TASK BRIEF.
Would you retype exactly the lines below, starting with the one that has "Unifinz SW Ugly" and going on through the one that has "A Saucer Magnolia", with no pictures and nothing else?

INPUT DATA.

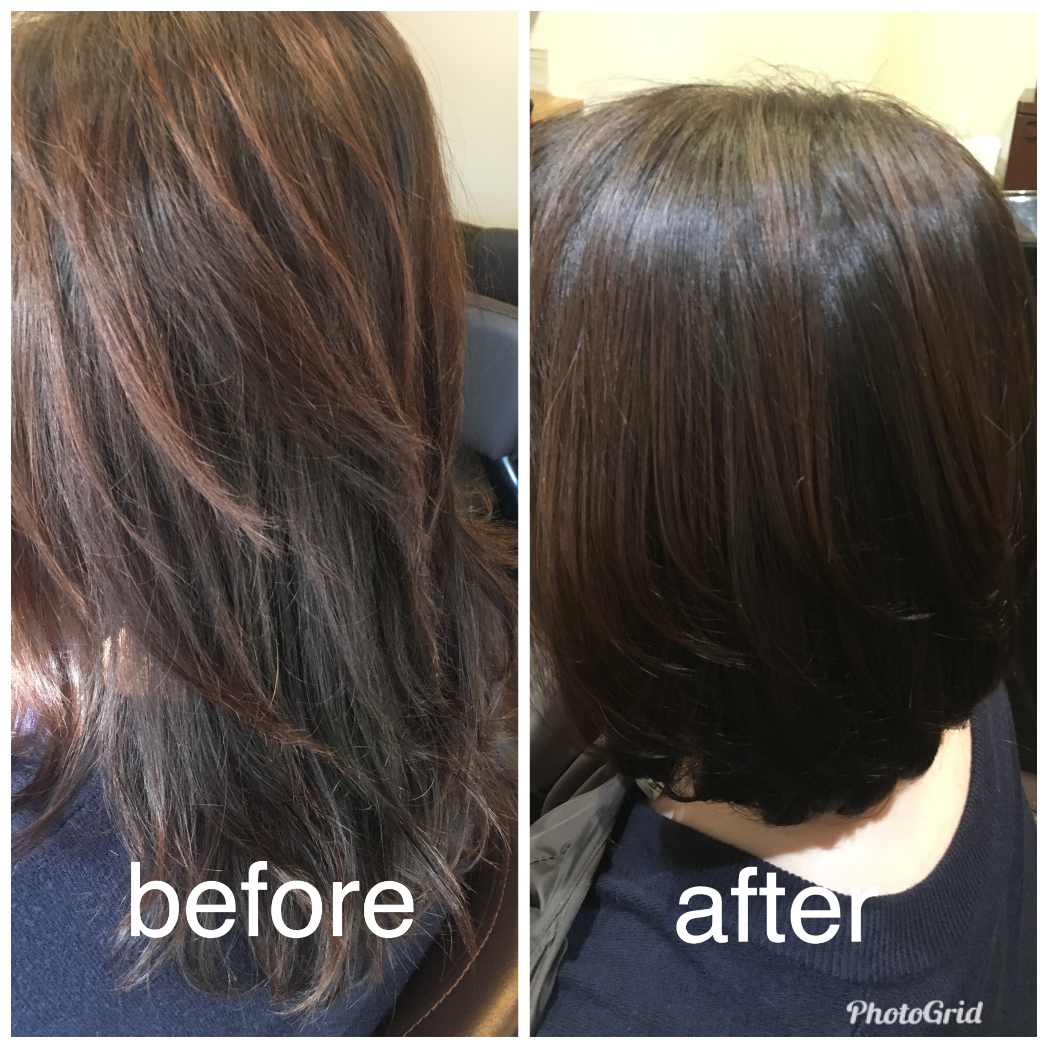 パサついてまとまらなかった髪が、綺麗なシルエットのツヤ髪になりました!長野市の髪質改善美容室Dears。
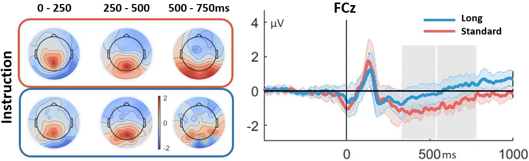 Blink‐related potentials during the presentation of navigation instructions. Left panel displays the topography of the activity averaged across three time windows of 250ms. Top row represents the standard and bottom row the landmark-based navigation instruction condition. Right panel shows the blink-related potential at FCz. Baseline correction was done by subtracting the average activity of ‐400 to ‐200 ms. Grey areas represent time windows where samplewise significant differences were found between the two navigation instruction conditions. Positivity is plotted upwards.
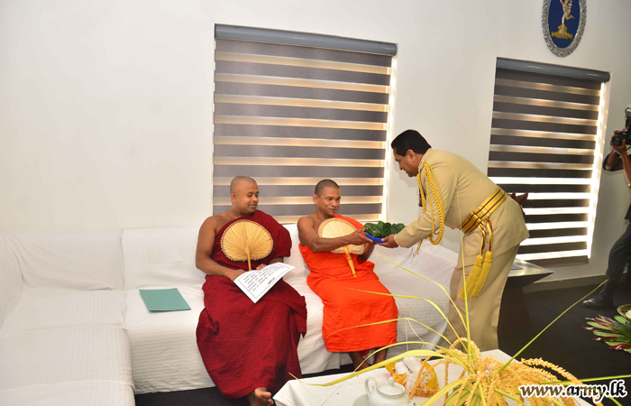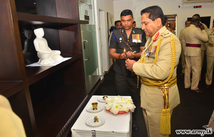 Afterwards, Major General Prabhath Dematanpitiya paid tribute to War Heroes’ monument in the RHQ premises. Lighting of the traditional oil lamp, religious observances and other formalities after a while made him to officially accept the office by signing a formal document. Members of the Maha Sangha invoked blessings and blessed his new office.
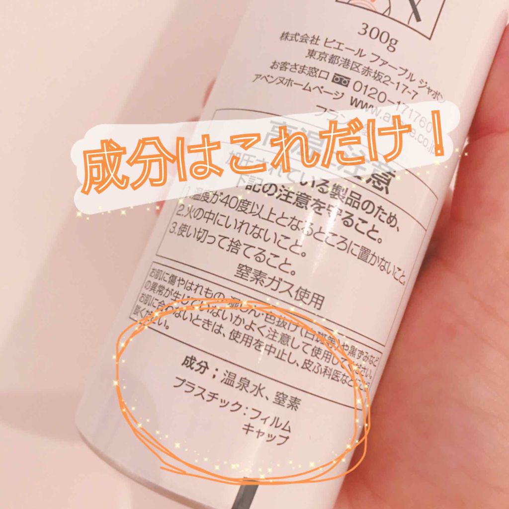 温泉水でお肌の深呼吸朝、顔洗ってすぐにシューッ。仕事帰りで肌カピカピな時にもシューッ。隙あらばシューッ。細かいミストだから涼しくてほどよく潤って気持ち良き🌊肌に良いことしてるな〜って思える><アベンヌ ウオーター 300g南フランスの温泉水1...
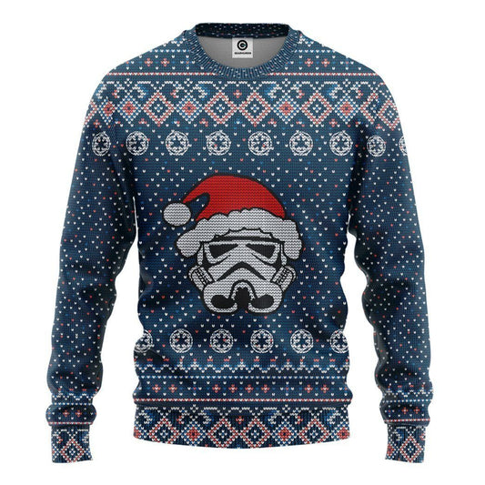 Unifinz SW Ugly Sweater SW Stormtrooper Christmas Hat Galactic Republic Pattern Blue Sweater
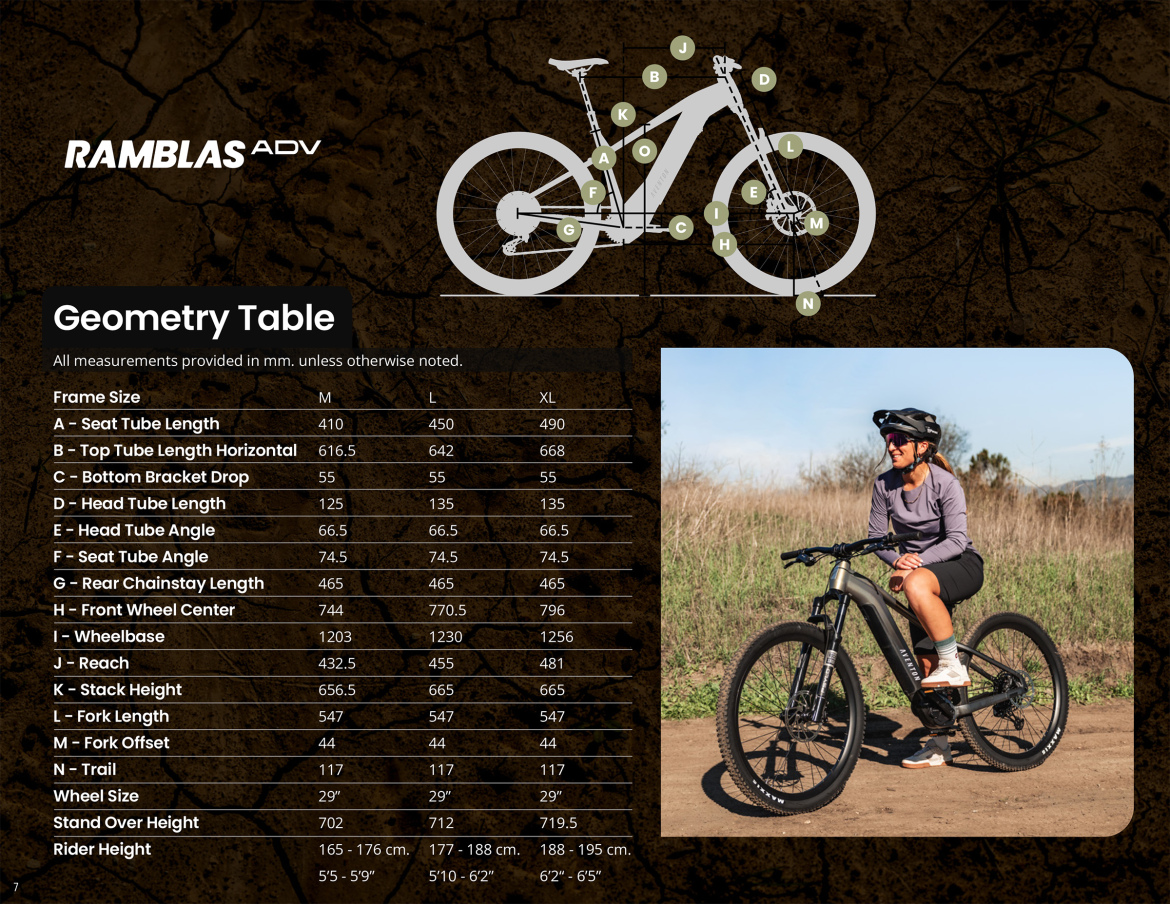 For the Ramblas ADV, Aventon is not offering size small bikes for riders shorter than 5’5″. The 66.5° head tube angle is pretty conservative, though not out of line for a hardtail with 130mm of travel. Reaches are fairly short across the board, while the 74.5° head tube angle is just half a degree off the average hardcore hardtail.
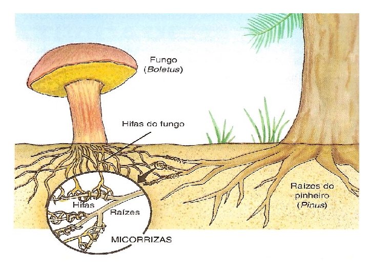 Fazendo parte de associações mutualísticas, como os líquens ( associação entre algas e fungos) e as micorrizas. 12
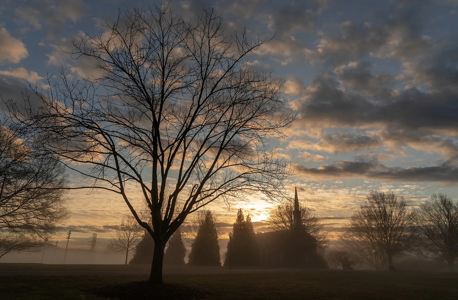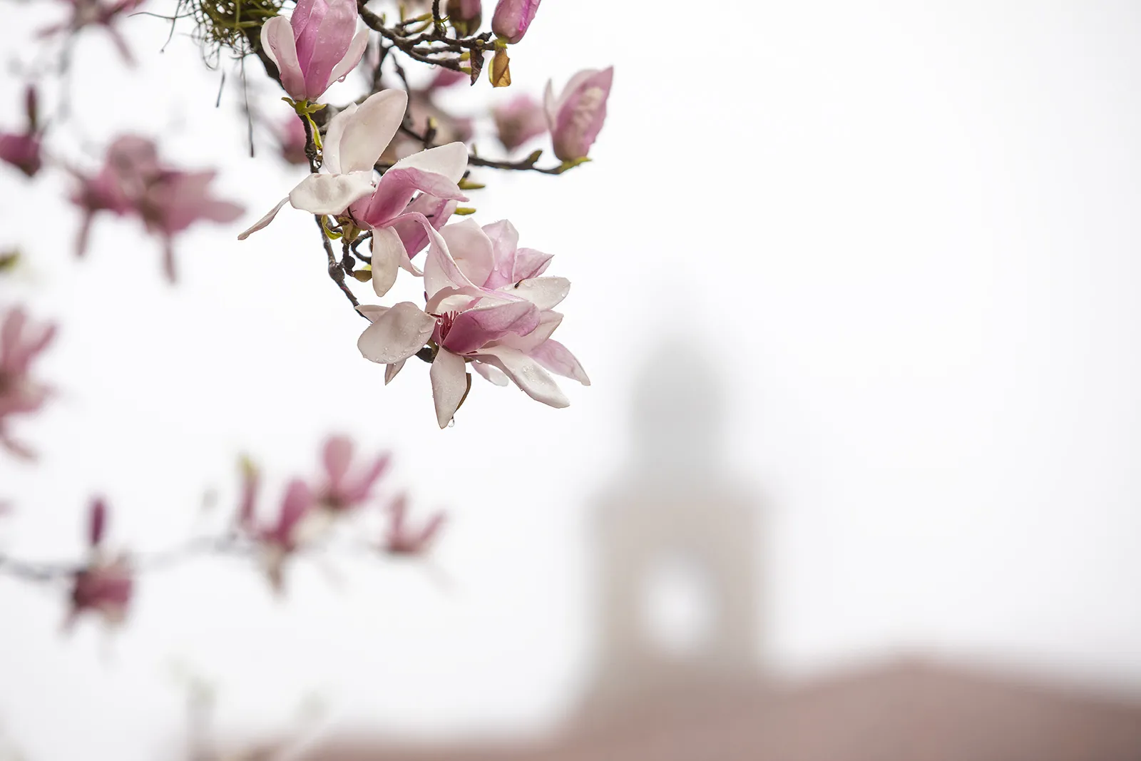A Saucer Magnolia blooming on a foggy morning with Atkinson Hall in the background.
* * *
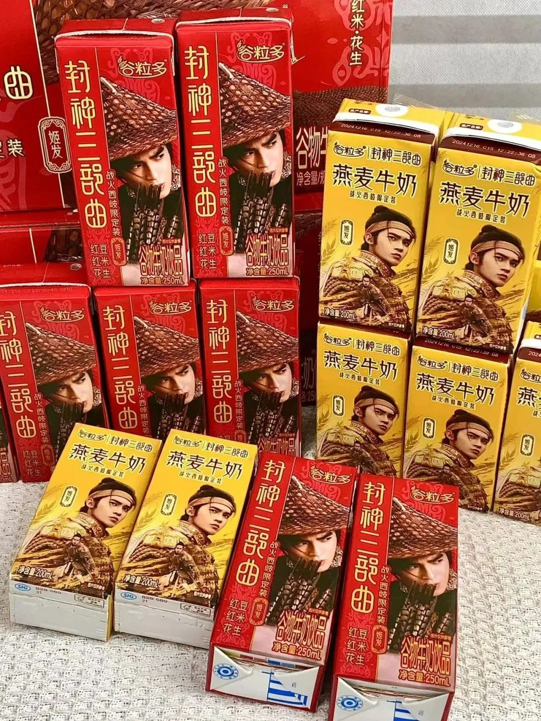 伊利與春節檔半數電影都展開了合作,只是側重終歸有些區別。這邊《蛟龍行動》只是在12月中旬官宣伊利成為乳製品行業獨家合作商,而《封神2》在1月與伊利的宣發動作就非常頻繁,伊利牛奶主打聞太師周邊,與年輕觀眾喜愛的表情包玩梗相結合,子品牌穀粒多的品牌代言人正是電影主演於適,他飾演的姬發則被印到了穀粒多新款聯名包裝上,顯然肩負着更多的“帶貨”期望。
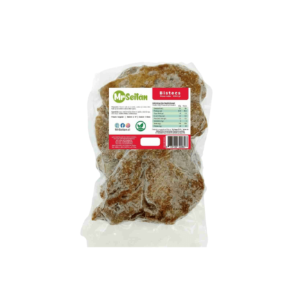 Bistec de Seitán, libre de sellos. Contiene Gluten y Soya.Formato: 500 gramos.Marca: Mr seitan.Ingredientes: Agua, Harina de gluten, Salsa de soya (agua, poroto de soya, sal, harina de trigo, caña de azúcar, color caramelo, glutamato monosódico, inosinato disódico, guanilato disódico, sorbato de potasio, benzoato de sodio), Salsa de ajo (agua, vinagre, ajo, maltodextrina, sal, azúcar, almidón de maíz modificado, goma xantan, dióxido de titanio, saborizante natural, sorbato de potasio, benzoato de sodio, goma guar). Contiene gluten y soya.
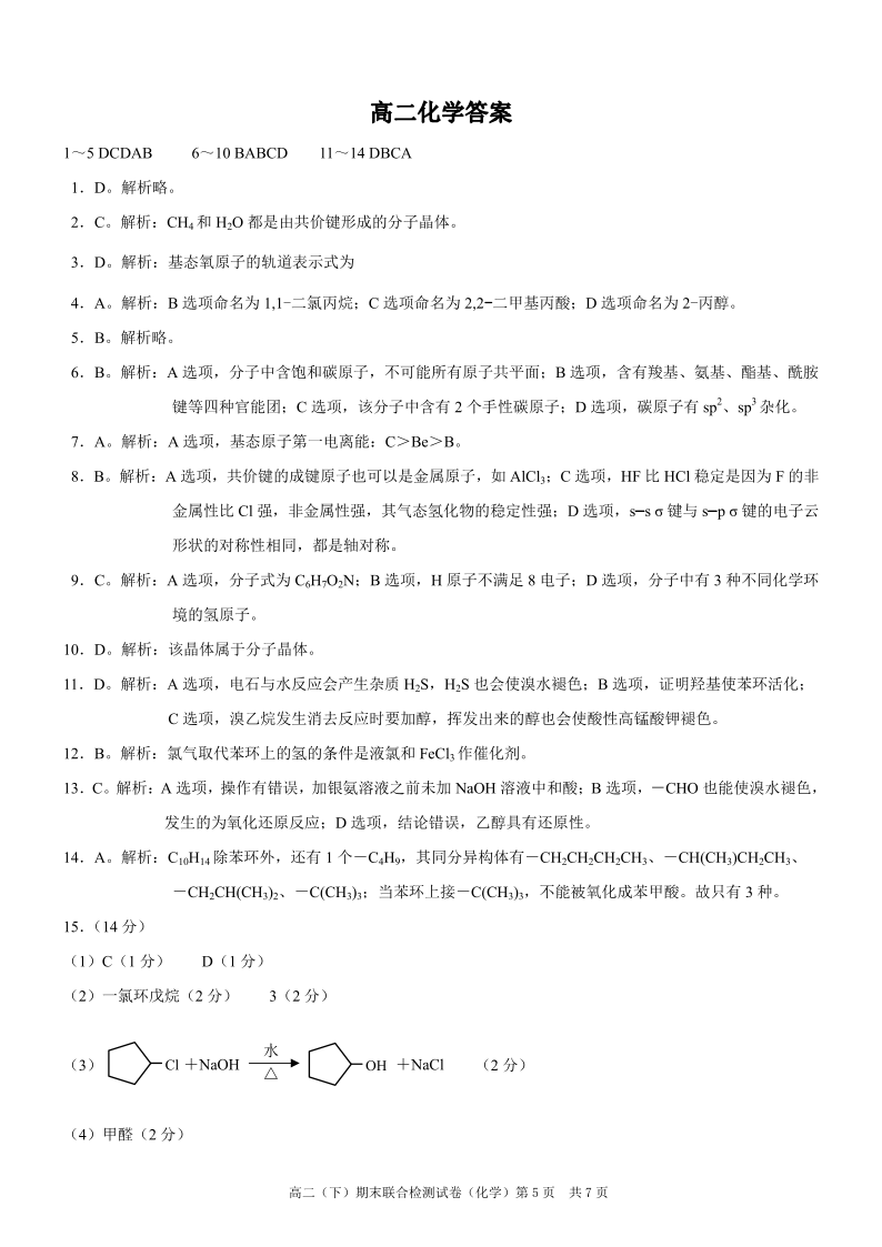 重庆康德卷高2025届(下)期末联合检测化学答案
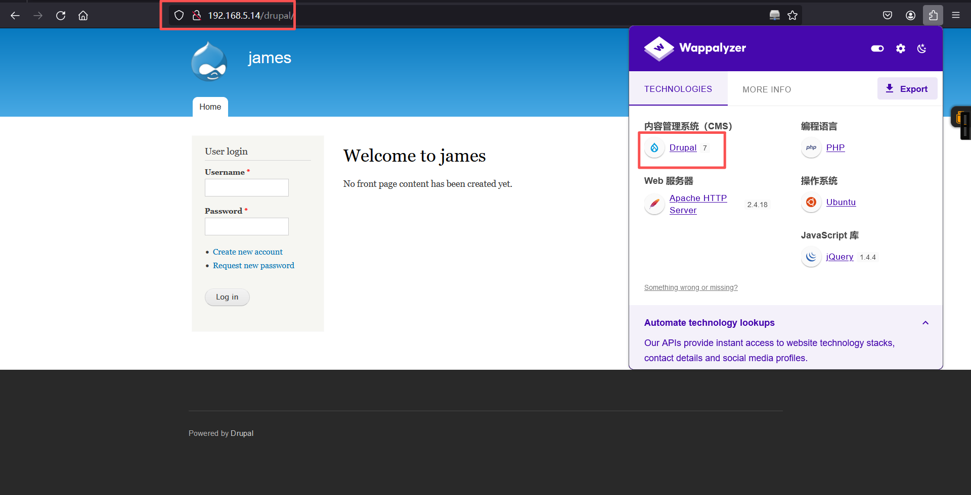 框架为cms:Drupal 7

RESPONSE AREA.
 Unifinz SW Ugly Sweater SW Stormtrooper Christmas Hat Galactic Republic Pattern Blue Sweater
 For the Ramblas ADV, Aventon is not offering size small bikes for riders shorter than 5’5″. The 66.5° head tube angle is pretty conservative, though not out of line for a hardtail with 130mm of travel. Reaches are fairly short across the board, while the 74.5° head tube angle is just half a degree off the average hardcore hardtail.
 Fazendo parte de associações mutualísticas, como os líquens ( associação entre algas e fungos) e as micorrizas. 12
A Saucer Magnolia blooming on a foggy morning with Atkinson Hall in the background.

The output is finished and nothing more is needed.